» Exercise input
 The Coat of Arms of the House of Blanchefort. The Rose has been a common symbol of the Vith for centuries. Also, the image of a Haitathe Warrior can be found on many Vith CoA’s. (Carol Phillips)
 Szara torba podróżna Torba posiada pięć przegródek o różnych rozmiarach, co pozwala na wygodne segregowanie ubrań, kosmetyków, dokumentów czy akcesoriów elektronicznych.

==

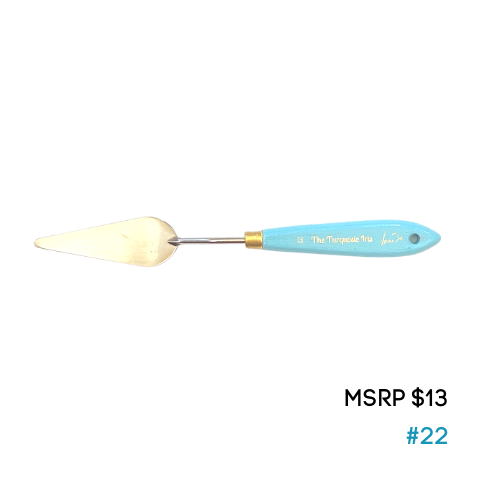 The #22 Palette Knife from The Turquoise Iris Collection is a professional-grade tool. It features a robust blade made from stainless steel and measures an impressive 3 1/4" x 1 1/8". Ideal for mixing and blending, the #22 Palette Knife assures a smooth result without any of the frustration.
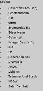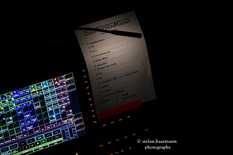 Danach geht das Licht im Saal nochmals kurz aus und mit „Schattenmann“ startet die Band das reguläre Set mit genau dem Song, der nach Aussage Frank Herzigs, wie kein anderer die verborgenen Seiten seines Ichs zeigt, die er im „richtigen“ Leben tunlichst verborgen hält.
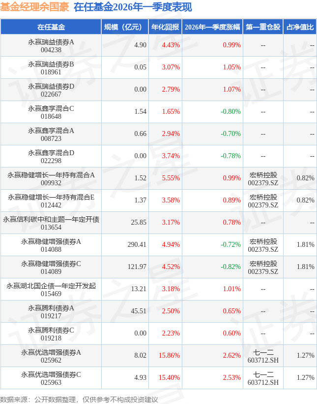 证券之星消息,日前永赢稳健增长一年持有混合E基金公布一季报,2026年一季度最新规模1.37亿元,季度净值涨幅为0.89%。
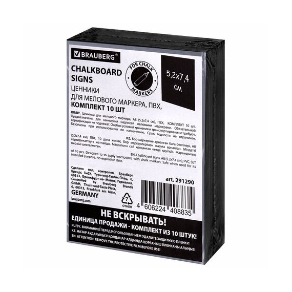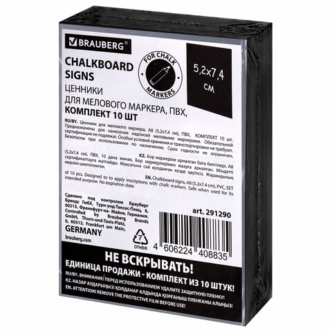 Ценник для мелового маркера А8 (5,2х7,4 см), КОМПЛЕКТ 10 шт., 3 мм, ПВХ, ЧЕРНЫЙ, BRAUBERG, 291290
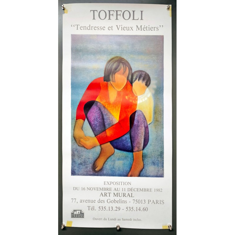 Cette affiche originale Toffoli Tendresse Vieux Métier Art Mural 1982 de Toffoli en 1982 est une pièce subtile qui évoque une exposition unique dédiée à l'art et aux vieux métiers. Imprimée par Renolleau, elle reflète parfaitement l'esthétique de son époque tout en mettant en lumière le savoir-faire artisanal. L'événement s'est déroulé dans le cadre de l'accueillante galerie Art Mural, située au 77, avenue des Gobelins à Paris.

» What to do
Pictures excluded, give again exactly and only the lines of the material above from the line with "Ценник для мелового" through the line with "Cette affiche originale".

» Response box
 Ценник для мелового маркера А8 (5,2х7,4 см), КОМПЛЕКТ 10 шт., 3 мм, ПВХ, ЧЕРНЫЙ, BRAUBERG, 291290
 Cette affiche originale Toffoli Tendresse Vieux Métier Art Mural 1982 de Toffoli en 1982 est une pièce subtile qui évoque une exposition unique dédiée à l'art et aux vieux métiers. Imprimée par Renolleau, elle reflète parfaitement l'esthétique de son époque tout en mettant en lumière le savoir-faire artisanal. L'événement s'est déroulé dans le cadre de l'accueillante galerie Art Mural, située au 77, avenue des Gobelins à Paris.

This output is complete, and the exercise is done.